Problem with DFSA State machines and Regex

Posted on January 1, 2013
Tags: algorithms

1 DFSA vs NDFSA

2 state machines are bad at the fine-grained level

stateDiagram-v2 s1 --> s2 : +1 s2 --> s1 : +2

In the above example, we dont keep track of what the total sum actually is.
The sum is the internal state(global context) and it is impossible to track.

3 Regex

regex are just state machines

Regular languages – the languages that regular expressions can recognise – are a proper subset of context-free languages, and the written form of s-expressions is context-free but not regular.
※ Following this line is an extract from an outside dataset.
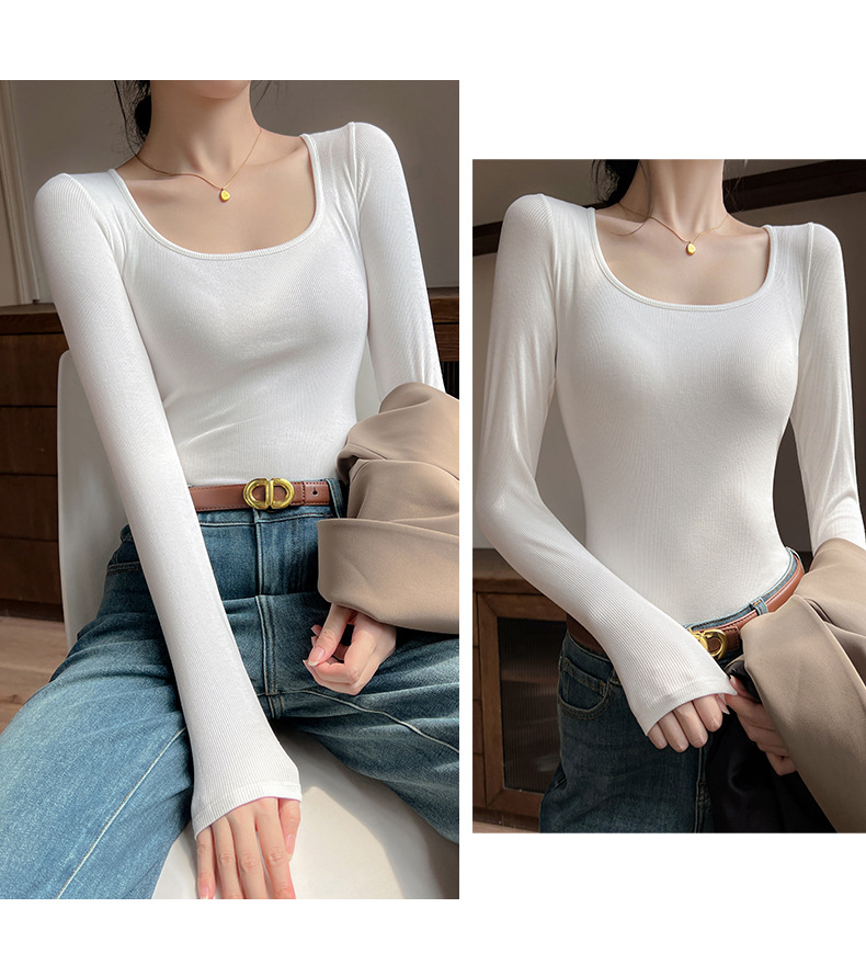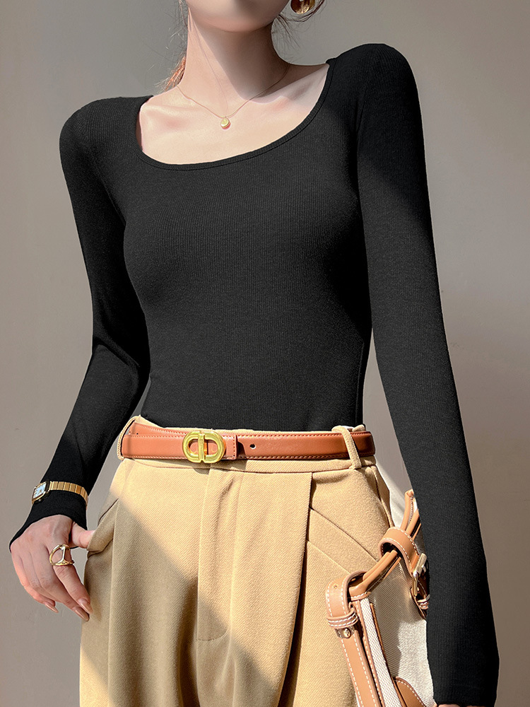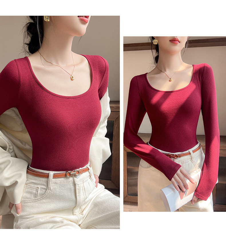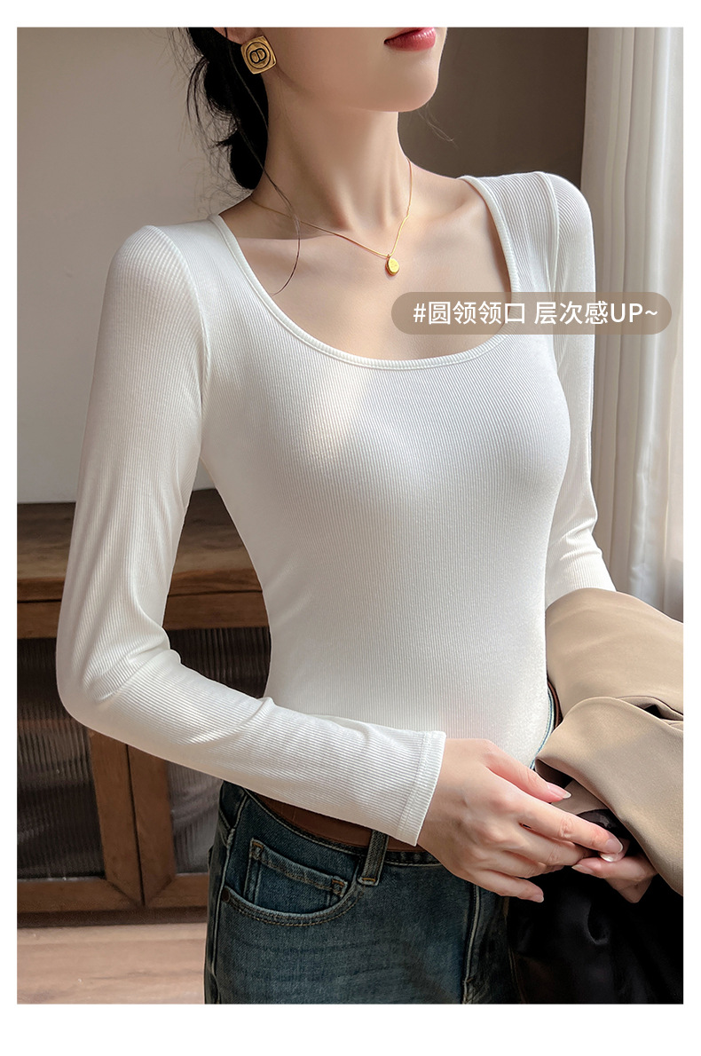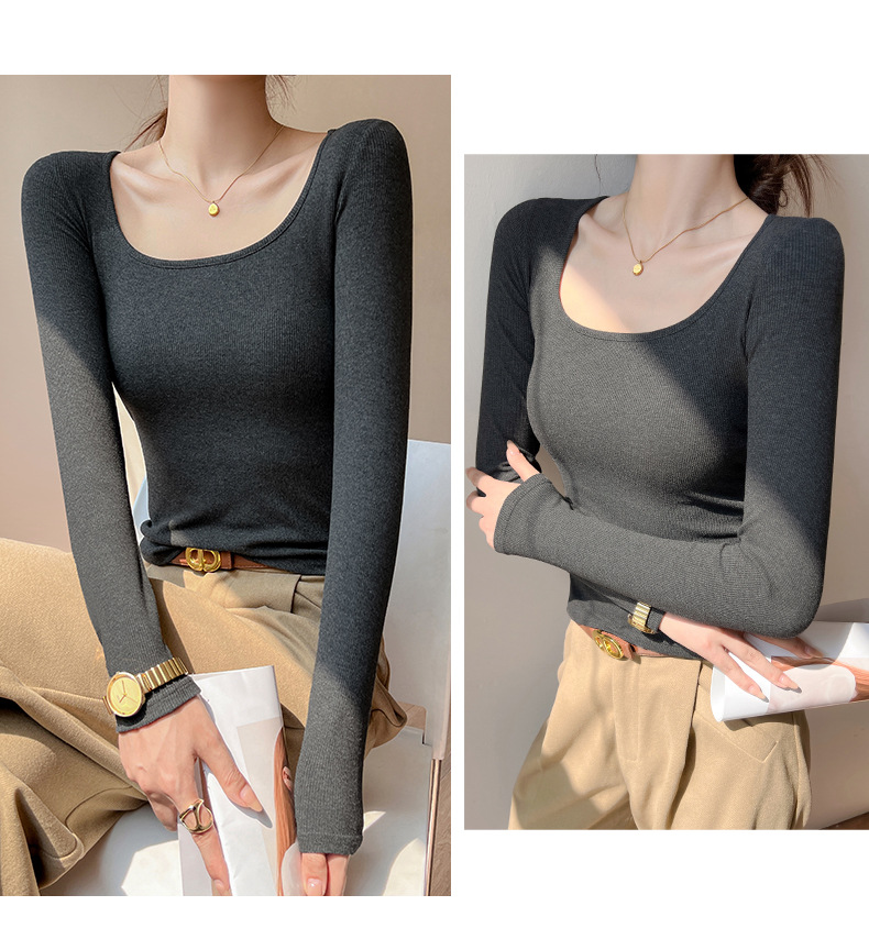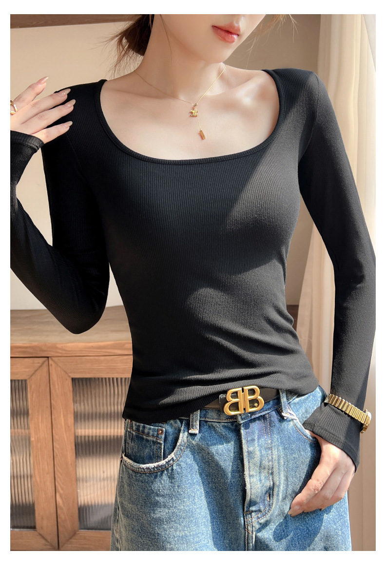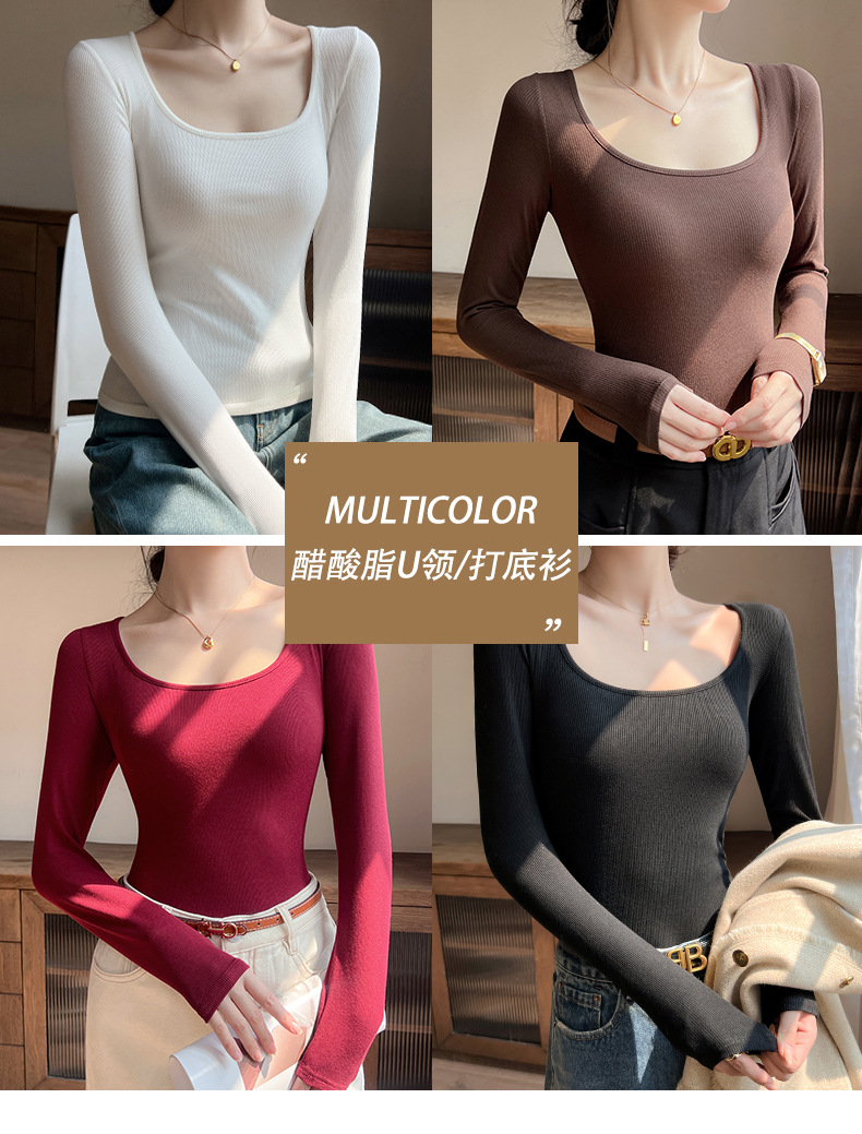 工厂25新款醋酸酯大U领正肩长袖修身百搭打底衫女可外穿秋冬上衣

So no regular expression can recognise the written form of an s-expression.

To see this consider a very tiny subset of s-expressions:

n = () | ( n)

So n consists of the set {(), (()), ((())), …}, where the number of left parens and right parens in each string are equal. Such a language can’t be recognised by a regular expression because you need to count parens.

not really but we could make an infinitely long state machine

stateDiagram-v2 s1 --> s2 : { s2 --> s3e : } s2 --> s3 : { s3 --> s4e : } s4e --> s4ee : } s3 --> s4 : { s4 --> s5e : } s5e --> s5ee : } s5ee --> s5eee: } s4 --> .. : ...

4 Chomsky Grammar and Regex

Chomsky hierarchy:

/-------------------------------------------\
|                                           |
|     Recursively enumerable languages      | Type 0
|                                           |
|   /-----------------------------------\   |
|   |                                   |   |
|   |    Context-sensitive languages    |   | Type 1
|   |                                   |   |
|   |   /---------------------------\   |   |
|   |   |                           |   |   |
|   |   |  Context-free languages   |   |   | Type 2
|   |   |                           |   |   |
|   |   |   /-------------------\   |   |   |
|   |   |   | Regular languages |   |   |   | Type 3
|   |   |   \-------------------/   |   |   |
|   |   \---------------------------/   |   |
|   \-----------------------------------/   |
\-------------------------------------------/

Example of what a grammar looks like:
A -> x B C where x is a terminal variable
Sentence -> Noun Verb

5 How is regex type 3?

Level 3 grammar, express the natural numbers

N -> 0
N -> 1
N -> 2
N -> 3
N -> 4
N -> 5
N -> 6
N -> 7
N -> 8
N -> 9
N -> 0N
N -> 1N
N -> 2N
N -> 3N
N -> 4N
N -> 5N
N -> 6N
N -> 7N
N -> 8N
N -> 9N

Regex is a simplification and makes the above [0-9]+